Homemade Baby Food Part 1

Monday, December 2, 2013

L and I were raised by mothers who breastfeed for like two years, cloth diapered and made all their own baby food. I tried to breastfeed past six months, but it just didn't work out. We cloth diapered for the first three months, but then E went to daycare and into disposables. But! We make our own baby food! L, being a chef, can't wait to get to the real food, so I've been handling the purees and the mashes. I do cave and buy pouches in bulk from Amazon to have on hand when I'm too tired to whip up a batch of something or when E refuses to eat my offerings unless it's mixed with pears. Always have pears: good for making new tastes palatable and for constipated, formula-fed babies. See also: prunes.

Cooking baby food is so cheap and easy and I get to use my Cuisinart all the time. Here is the basic equipment I use to make Baby E's food.

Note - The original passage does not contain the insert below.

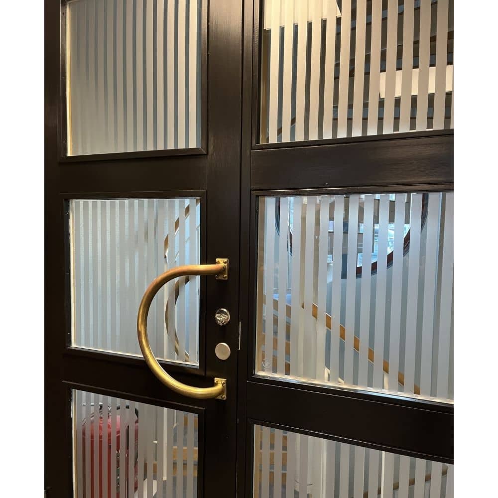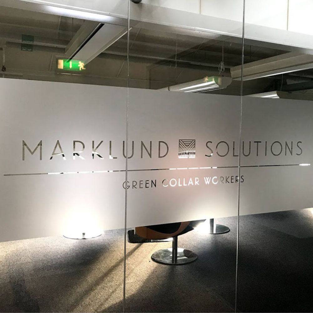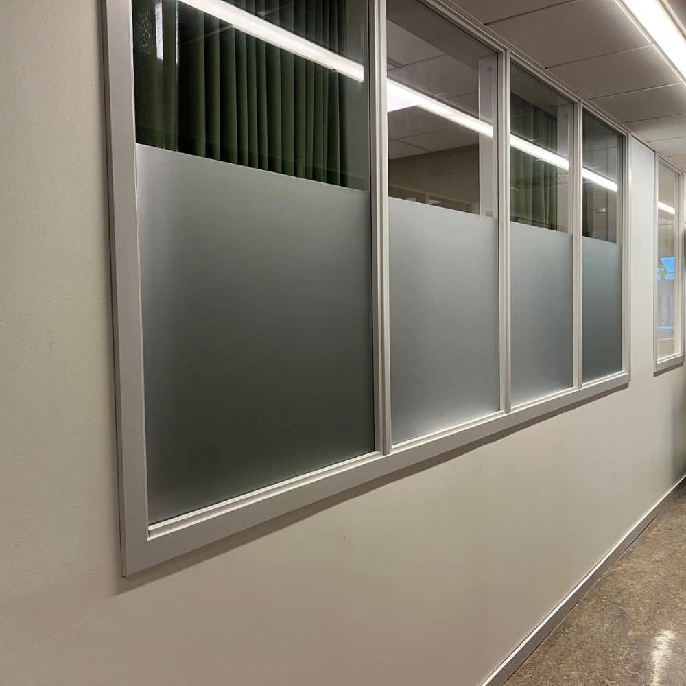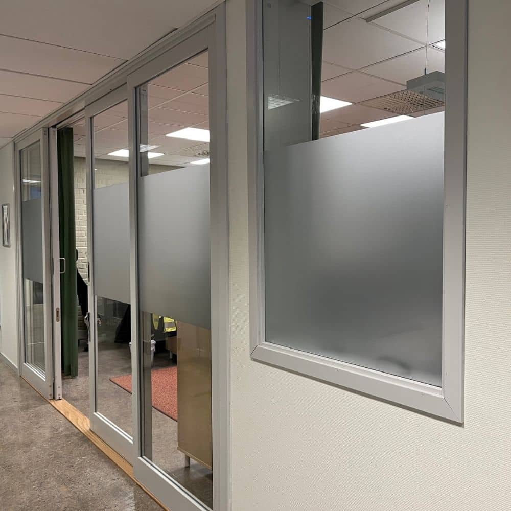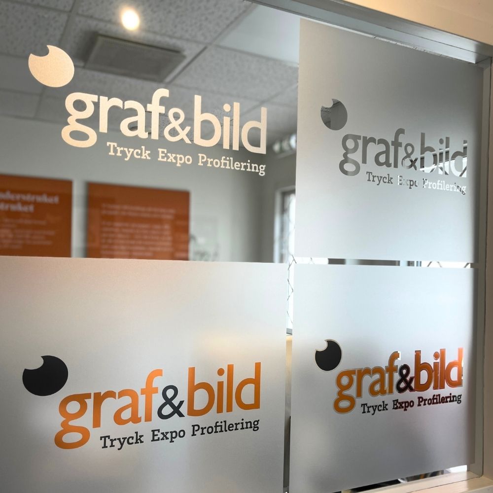 Vi erbjuder flera lösningar i både enfärgad frostad vinyl och i 4-färgsprint på frostad vinyl vilket blir väldigt effektfullt. Folieringen kan vara heltäckande, frostad och ljusgenomsläpplig eller anpassas med mönster, logotyper eller text och ger ett stilrent och professionellt uttryck.

Homemade Baby Food Essentials


cook: Mauviel saucepan / quarter sheet baking pan / parchment paper / rubber spatula / Cuisinart 9-Cup Food Processor / strainer

store:  Green Sprouts Freezer Cubes / jelly jars / Sharpie / painter's tape

I pick out the best looking, in-season produce at the farmers market or the grocery store.  I roast, blanch or boil the produce, throw it in the food processor, maybe add a little water, blend and then scoop into storage cubes. The Green Sprouts cubes are really handy for transporting Baby E's food to and from daycare since they are plastic and aren't likely to shatter on the bus on the way home. We have a bunch of Ball jelly jars kicking around from when we made jam for our wedding favors and they serve just fine to keep Baby E's food in the fridge at home. I just use the restaurant kitchen technique of slapping a piece of tape on the storage cube with the contents and the date it was made. In fact, all of our dry goods, perishable pantry staples and leftovers are labeled this way.

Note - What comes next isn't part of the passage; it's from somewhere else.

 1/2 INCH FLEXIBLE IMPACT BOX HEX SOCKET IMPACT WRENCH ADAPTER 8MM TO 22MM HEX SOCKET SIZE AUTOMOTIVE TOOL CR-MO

Some of our favorite recipes have come from Weelicious. Baby E especially loves the roasted apples with ginger and cinnamon and I love this simple red lentil recipe. I checked this book out from the library and it was a great primer for getting started, but a little boring if you're interested in giving your baby new flavors and textures. I use their dried fruit technique (boil dried apricots, prunes, etc. for a few minutes, then puree) to keep our stock of prune puree fresh on the cheap. A bag of dried prunes is around $4 and will yield more than enough puree for a month of eating, while a six-pack of prune puree pouches runs about $12 on Amazon.

Baby E doesn't always like what I make for him, so there is a fair amount of food waste involved. I feel a little better that I'm keeping costs very low and not throwing out expensive packaged food (and its packaging) if I just can't get E to eat certain things.